=== PROBLEM DETAILS ===
Locate the line that contains "TE Part # 826630-3 3P AMPMODU II STIFT LEI". Retype it and every line after it to the end of the records, exactly, but not the pictures.

BEGIN RECORDS PROVIDED

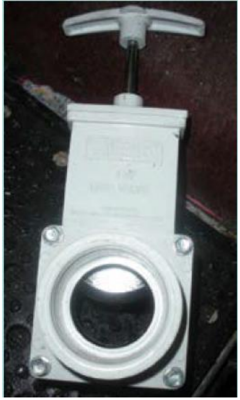
Figure 2. Knife valve.

A backwater valve can be installed in an existing home. Have a licensed contractor install an interior or exterior backwater check valve in your sewage system. If you do not have a backwater valve, plugs with backflow devices can be installed in floor drains. These plugs have a ball or float that will stop water or sewage from backing up into a home while permitting water to flow into the drain. These plugs can be left in place year-round.
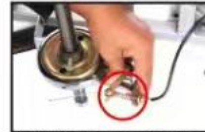
25. Adjust brake to tightest position after pinching
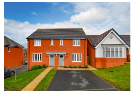
Foxglove Way, Himley, Dudley
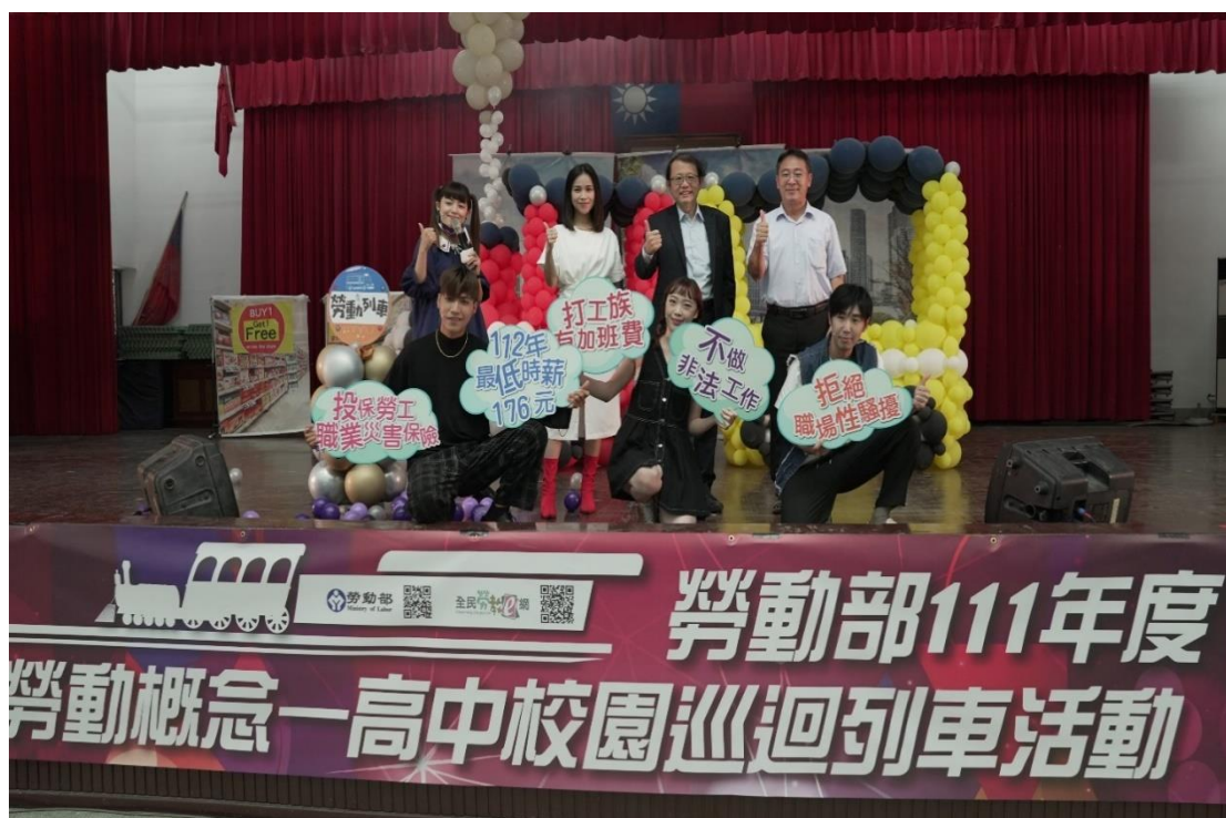
Image 5: Representatives from the MOL, school and the troupe launched the campus tour train together

13-15.10.2022 The Institute of Labor, Occupational Safety and Health (ILOSH) of the Ministry of Labor exhibited a number of patented R&D achievements in the Sustainable Development Pavilion and Patent Competition Area of the
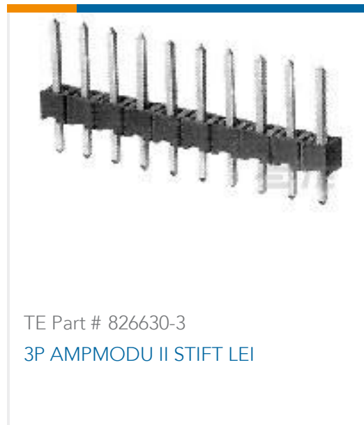
TE Part # 826630-3 3P AMPMODU II STIFT LEI
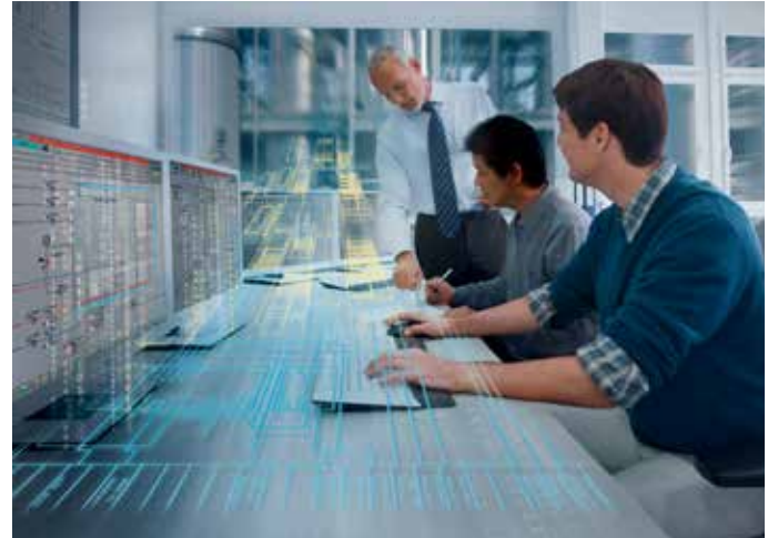
SIMATIC PCS 7 has everything you need to completely and safely automate your entire production process.

END RECORDS PROVIDED

=== OUTPUT OF THE TASK ===
TE Part # 826630-3 3P AMPMODU II STIFT LEI
SIMATIC PCS 7 has everything you need to completely and safely automate your entire production process.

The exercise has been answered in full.